Symmetric teleparallel scalar-tensor gravity supports viable compact stars through interior solutions matched to extremal Reissner-Nordström exteriors.

A machine-rendered reading of the paper's core claim, the machinery that carries it, and where it could break.

The paper investigates static spherically symmetric compact objects in symmetric teleparallel scalar-tensor gravity, an extension of Brans-Dicke models. The authors select a nontrivial connection so the theory remains different from general relativity yet admits exact solutions. They reduce the equations via a minisuperspace description and use variational symmetries to obtain conservation laws that reconstruct analytic black-hole solutions. Matching interior compact-object solutions to an extremal Reissner-Nordström exterior then shows the theory permits realistic astrophysical objects. A sympathetic reader would care because this indicates the framework can describe actual stars and black holes.

Core claim

The symmetric teleparallel scalar-tensor theory supports the existence of viable astrophysical objects.
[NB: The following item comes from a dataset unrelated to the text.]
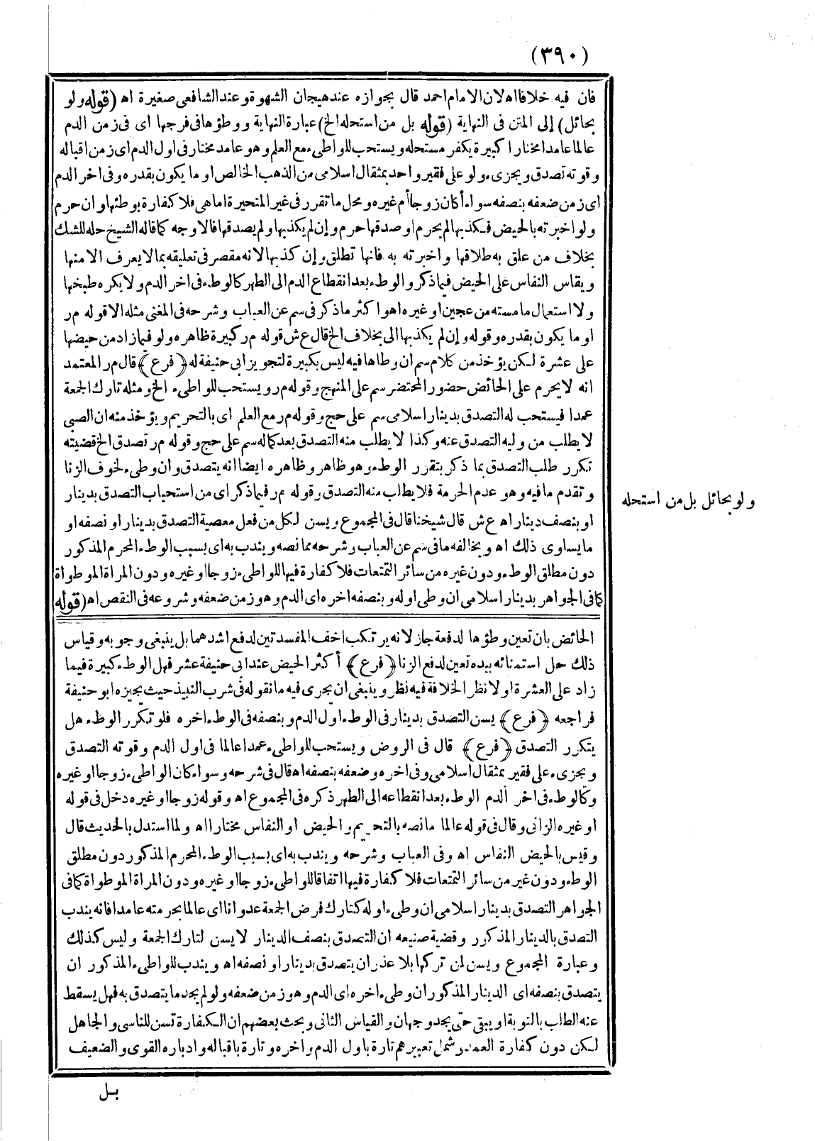 وَجْهَانِ وَالْقِيَاسُ الثَّانِي وَبَحَثَ بَعْضُهُمْ أَنَّ الْكَفَّارَةَ تُسَنُّ أَيْضًا لِلنَّاسِي وَالْجَاهِلِ لَكِنْ دُونَ كَفَّارَةِ الْعَمْدِ وَشَمِلَ تَعْبِيرُهُمْ تَارَةً بِأَوَّلِ الدَّمِ وَآخِرِهِ وَتَارَةً بِإِقْبَالِهِ وَإِدْبَارِهِ الْقَوِيِّ وَالضَّعِيفِ

The field equations admit a minisuperspace description, and variational symmetries produce conservation laws in vacuum that allow reconstruction of analytic black-hole solutions. Interior solutions for compact objects are constructed and matched to an extremal Reissner-Nordström exterior.

What carries the argument

Minisuperspace reduction of the field equations together with variational symmetries that generate conservation laws for reconstructing analytic solutions.

If this is right

  • Analytic black-hole solutions exist because the conservation laws permit their reconstruction.
  • Interior structures of compact objects can be matched to extremal charged black-hole exteriors.
  • The theory admits viable astrophysical objects with static spherical symmetry.
  • The minisuperspace method yields exact solutions in this modified gravity setting.

Where Pith is reading between the lines

These are editorial extensions of the paper, not claims the author makes directly.

  • The same symmetry-based reconstruction might apply to rotating configurations or other geometries.
  • Mass-radius relations derived from these interiors could be compared with neutron-star observations.
  • Similar variational techniques could be tested in other teleparallel scalar-tensor models.

Load-bearing premise

A nontrivial connection can be chosen that makes the theory a genuinely nontrivial extension of general relativity while still allowing analytic solutions through minisuperspace reduction and variational symmetries.

What would settle it

Failure to construct any regular interior solution that matches the extremal Reissner-Nordström exterior while satisfying the field equations and physical requirements would show the theory does not support such objects.

Figures

Figures reproduced from arXiv: 2510.17066 by Andr\'es Lueiza-Colip\'i, Andronikos Paliathanasis, Grigorios Panotopoulos, Nikolaos Dimakis.

Figure 1
Figure 1. Figure 1: FIG. 1: Factor of compactness, [PITH_FULL_IMAGE:figures/full_fig_p009_1.png] view at source ↗
Figure 2
Figure 2. Figure 2: FIG. 2: Stellar mass as a function of the central energy density. [PITH_FULL_IMAGE:figures/full_fig_p009_2.png] view at source ↗
Figure 3
Figure 3. Figure 3: FIG. 3: Gravitational redshift, [PITH_FULL_IMAGE:figures/full_fig_p010_3.png] view at source ↗
Figure 4
Figure 4. Figure 4: FIG. 4: Mass-to-radius relationships for the 3 models considered here, see text. The black dashed line corresponds [PITH_FULL_IMAGE:figures/full_fig_p011_4.png] view at source ↗
read the original abstract

We investigate the existence of static, spherically symmetric compact objects within the framework of symmetric teleparallel scalar-tensor gravity. This theory extends the Brans-Dicke and scalar-tensor models within the symmetric teleparallel formalism. We consider a nontrivial connection that allows for genuinely nontrivial solutions in the limit of General Relativity. The field equations admit a minisuperspace description and by applying the method of variational symmetries we construct the corresponding conservation laws in vacuum. The application of these conservation laws enables the reconstruction of analytic black-hole solutions. Finally, we study the interior structure of compact objects matched to an extremal Reissner-Nordstr\"{o}m exterior and show that the symmetric teleparallel scalar-tensor theory supports the existence of viable astrophysical objects.

Editorial analysis

A structured set of objections, weighed in public.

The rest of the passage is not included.